El niño que su papa llevaba entre los brazos lo miró, le sonrío y lo llamó; se quedo viéndolo, tuvo ganas de pararse y abrazarlos a los dos, de ir con ellos. Su papa volteo de nuevo la cara y le repitió: "viste hijo, nada paso, ven conmigo estas a salvo yo te cuidare". Se soltó en llanto; al principio entre sollozos y luego a borbotones, en un desahogo infinito, interminable, una cascada de sentimientos encontrados le brotaba como un manantial represado abriéndose paso por entre sus entrañas, imparable, incontenible. El tiempo se detuvo… o paso muy rápido no lo podía calcular. El llanto, las imágenes, los recuerdos, los sentimientos iban, venían, desaparecían, se superponían, se difuminaban, se clarificaban, toda su vida en un collage de escenas, de adioses, de abrazos, de iras, de perdones, de dolor, de risa; iban y venían a través del llanto.

La mano sobre su hombro lo volvió a la realidad. "Hijo, ya es tiempo vamos, ve a tu cuarto a despedirte". Se sobresalto, quedo parado, estaba solo, la taza de cafe cayó al suelo y se desperdigo en infinitos pedazos de porcelana. Ligero corrió a la cocina a traer algo con que recoger los pedazos. En la cocina volvió y escucho la voz: "ve a tu cuarto hijo". Un poco molesto e intranquilo se dirigió al cuarto.

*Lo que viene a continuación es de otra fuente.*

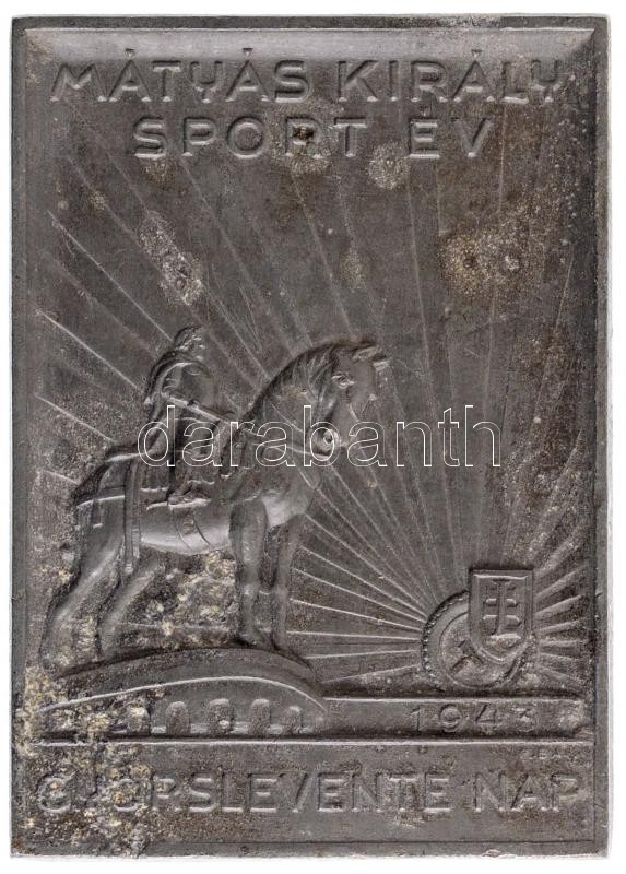 1943. ‘Mátyás Király Sport Év Gyorslevente Nap’ hadifém plakett, hátoldalon ‘LUDVIG’ gyártói jelzés (50x70mm) szign.: P.Bak T:2 oxidáció<a href="https://www.darabanth.com/hu/gyorsarveres/434/kategoriak~Numizmatika/Militaria~1500018/1943-Matyas-Kiral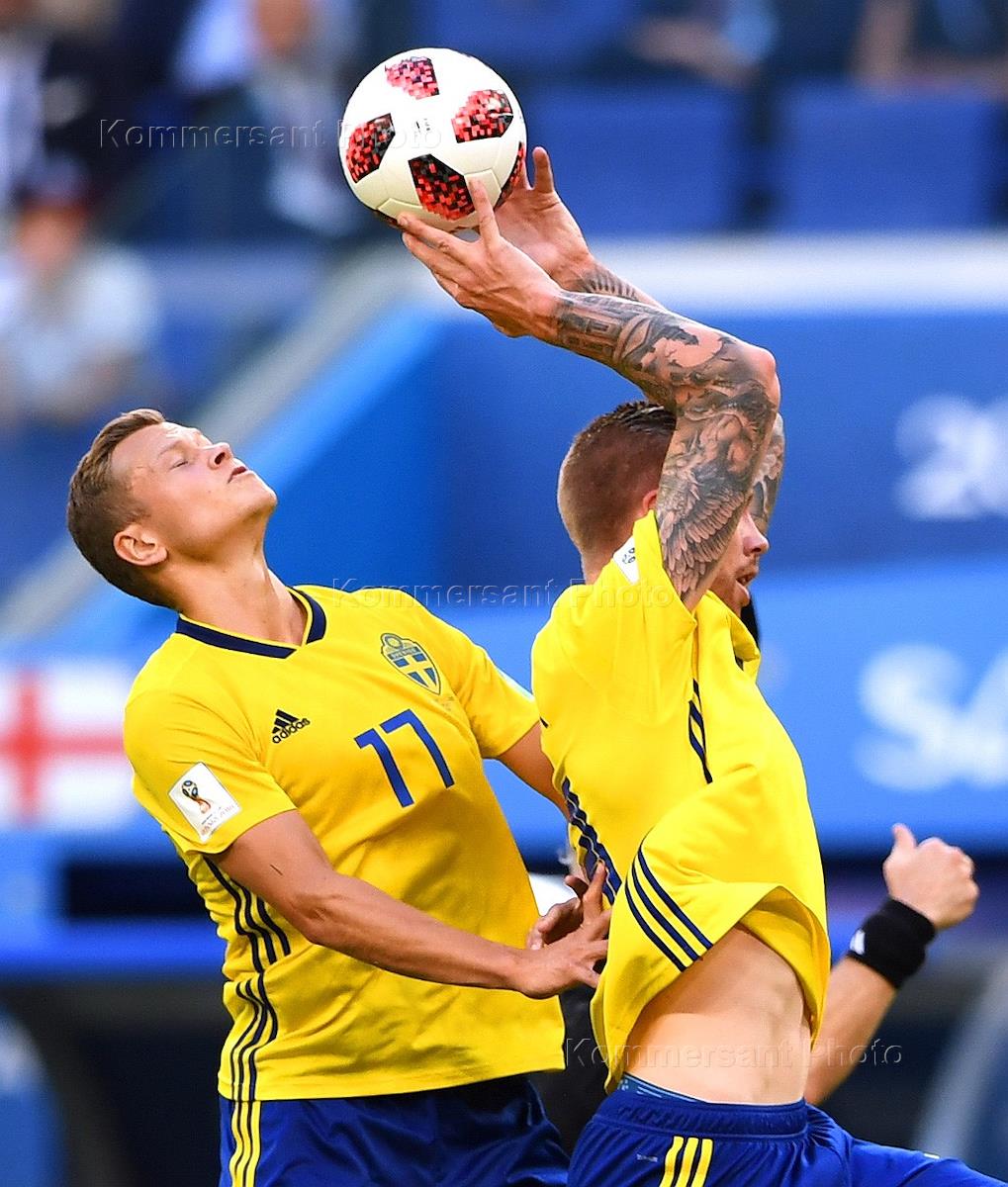 Чемпионат мира по футболу в России FIFA-2018. 1/4 финала. Матч между сборными Швеции и Англии прошел на стадионе "Самара Арена". Игроки сборной Швеции Виктор Классон (слева) и Понтус Янссон (справа) во время матча.

El desgarrador grito, el lastimero y ahogado lamento lo precipito corriendo al cuarto: su esposa trataba en vano de revivir el frio y yerto cuerpo de el que tendido en la cama se le escurría de los brazos. "Te lo dije hijo, ya es hora vamos". A su izquierda una luz brillante en forma de túnel emergió de la pared y a su derecha su papa apreció, lo cogió de la mano y se lo llevó.